PATIENTS AND METHODS: Serum testosterone levels were measured prospectively in a cohort of patients given LHRHA for 6 months. End points were time to progression (TTP) and overall survival (OS).

RESULTS: The study population was 153 patients: 54 with metastatic disease and 99 with biochemical failure. In multivariate analysis, adjustment for age, baseline serum prostatic specific antigen (PSA) levels, Gleason score, and disease stage, testosterone levels < 50 ng/dL failed to be associated with TTP and OS. A cutoff of < 20 ng/dL was associated with a nonsignificant lower risk of progression (adjusted hazard ratio [HR] 0.58; 95% confidence interval [CI] 0.30-1.15; P = .12) and a significant lower risk of death (adjusted HR, 0.19; 95% CI, 0.04-0.76; P = .02).
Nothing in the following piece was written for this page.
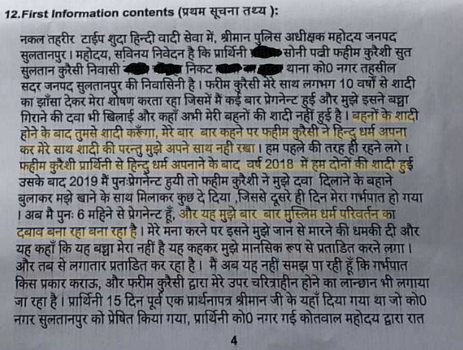 The FIR (number 1082/2021) filed at City Kotwali police station in Sultanpur, Uttar Pradesh on November 27, named Faheem as a suspect under IPC sections 498A (harassment of woman subjecting her to cruelty), 313 (causing marriage without women’s consent), 494 (marrying after having a husband or wife) and 506 (criminal intimidation).

Only 25 patients attained serum testosterone levels < 20 ng/dL. Using a receiver operating characteristic curve (ROC), we found that a testosterone value of 30 ng/dL offered the best overall sensitivity and specificity for prediction of death. Serum testosterone levels < 30 ng/mL were associated with a significantly lower risk of death (adjusted HR, 0.45; 95% CI, 0.22-0.94; P = .034.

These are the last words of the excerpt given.